사원총회결의 부존재확인 등
1. All of the plaintiff's claims are dismissed.
2. The costs of lawsuit shall be borne by the Plaintiff.
Basic Facts
A. A. On February 14, 2012, a limited liability company E (hereinafter “Defendant Company”) was established as a company engaging in a construction waste interim disposal business, etc., and its trade name was changed to Defendant limited liability company B on February 13, 2015.
Part III (Convocation of General Meeting) Article 9 (Convocation of General Meeting) of General Meeting shall be convened by the representative director, and notify each member of the meeting, such as the purpose of the meeting, shall be dispatched five days before the date set for such meeting
Except as otherwise provided for in Acts and subordinate statutes, a resolution of a general meeting of members shall be made by a majority of the voting rights of all the members present and by a majority of the voting rights of the members present.

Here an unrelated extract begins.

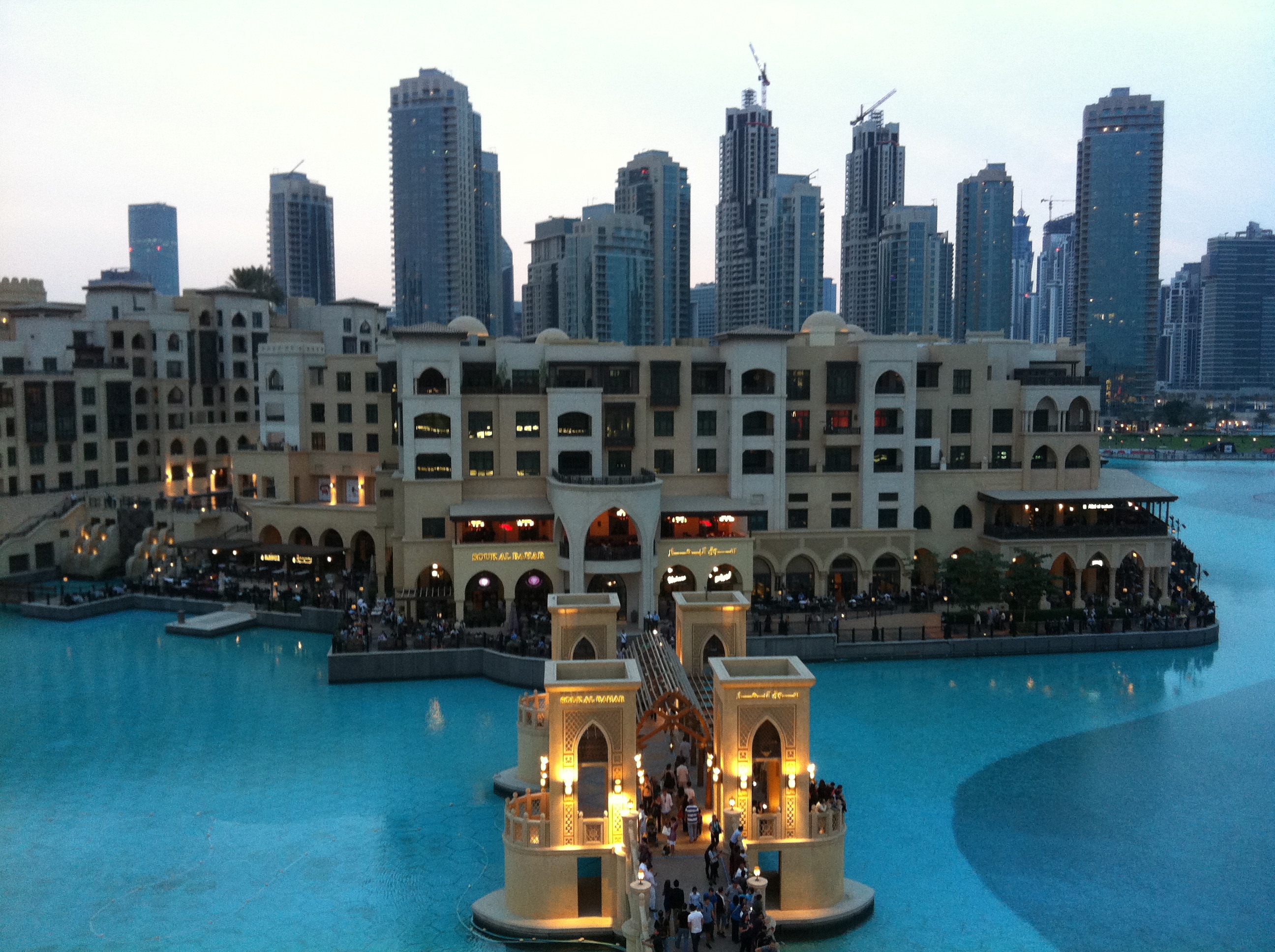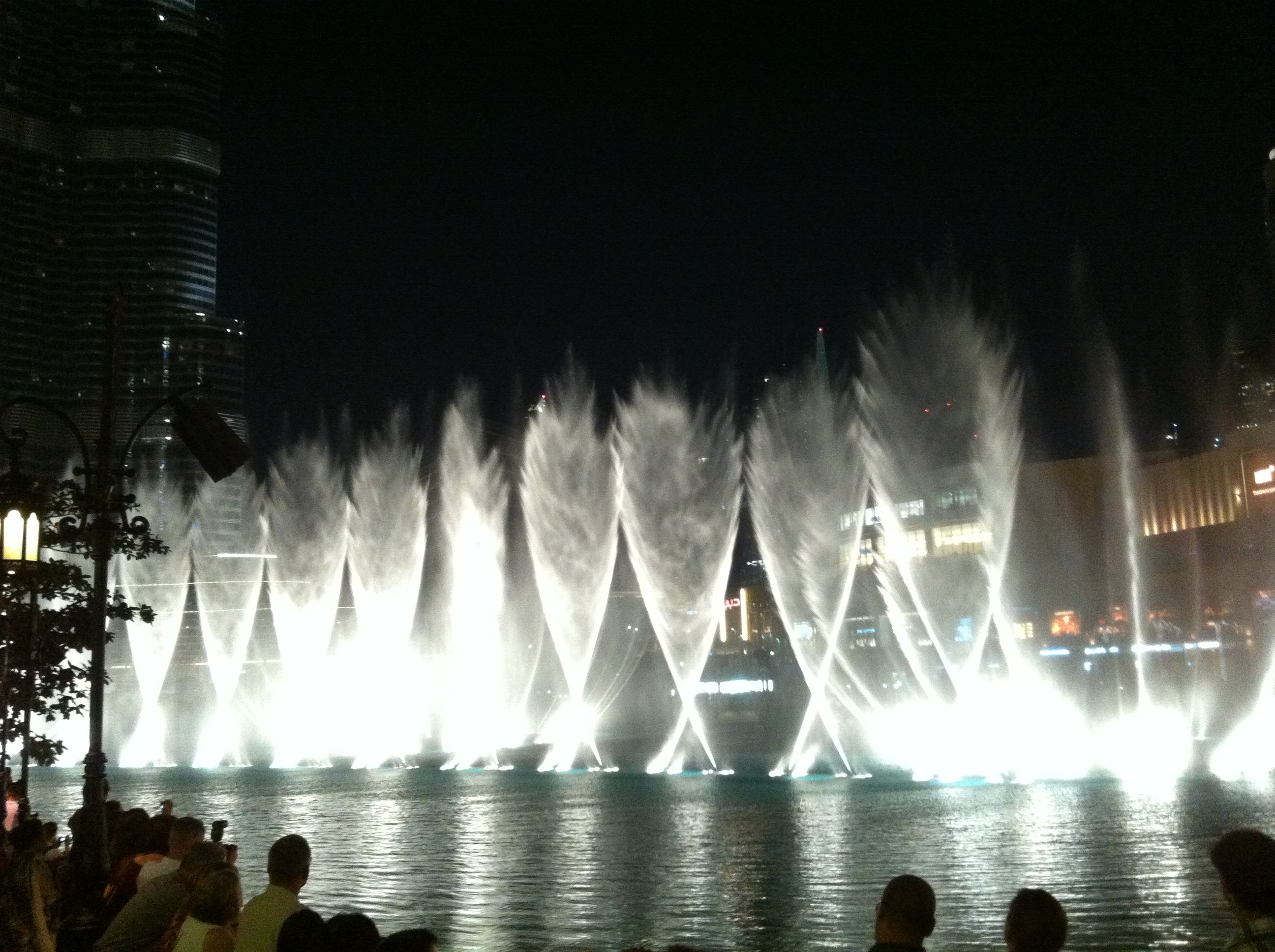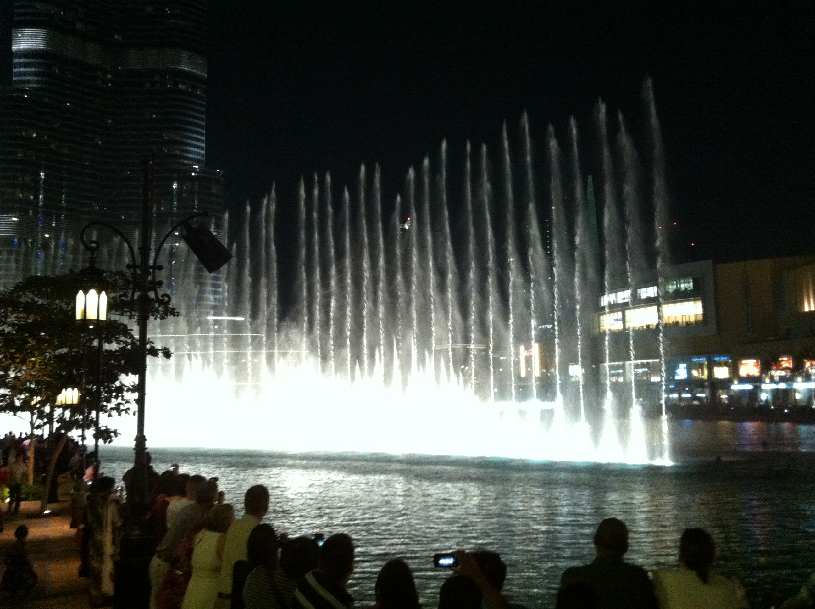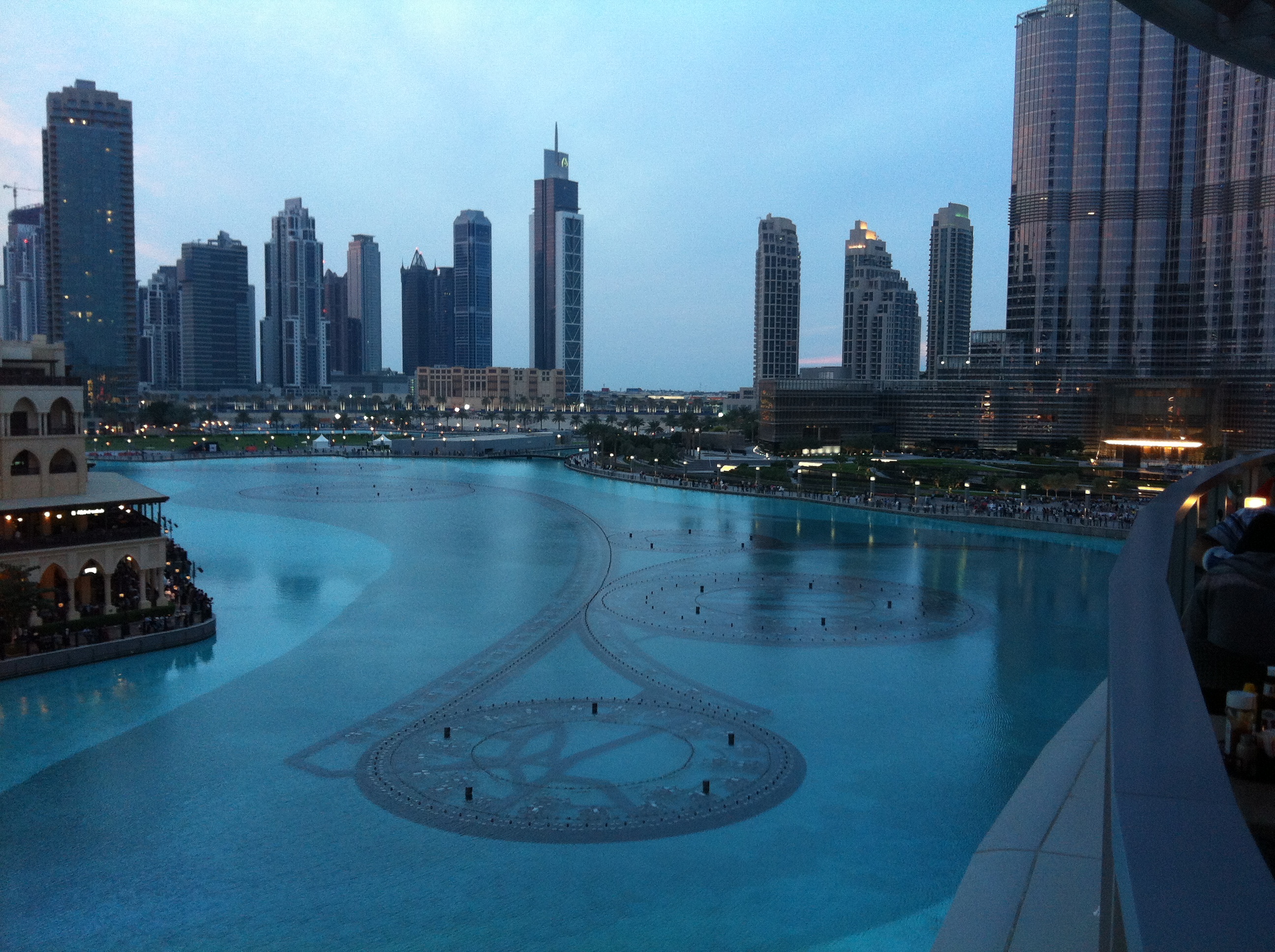 {Views of the Dubai Fountains at the Marina from the Dubai Mall}

Article 12 (Voting Rights) Members shall have one voting right per contribution unit.
B. The main contents of the articles of incorporation of the defendant company are as follows.
C. On February 14, 2013, Defendant Company held a general meeting of members (hereinafter “instant general meeting of members”). At the time of the instant general meeting, the notice of convening a general meeting was not sent to the Plaintiff, who was an employee, and the Plaintiff did not attend the instant general meeting.
The written consent of all the members (No. 17-3) drawn up as to the instant general meeting (Evidence 17-3) shall include (i) the resignation of the Plaintiff and F, and (ii) the appointment of D and C as a director, (iii) the appointment of C as a representative director after the resignation of the representative director by the F, (iv) the fact that the Plaintiff of the employee transferred all of 4,000 equity shares to C, and approved the transfer of all of 1,00 equity shares to D, and (v) the modification of Article 6 of the articles of incorporation in accordance with the foregoing change of the employee, and the seal of F and the Plaintiff is affixed to the said written consent.
E. On February 20, 2013, the Defendant Company filed an application for registration of change of a limited liability company with the purport that the representative director F, the Plaintiff, and F resigns and the representative director C, directors C, and D assumed office, accompanied by the written consent from all the members, and completed registration such as the above details of the application.
F. From February 13, 2015, the Defendant Company was established.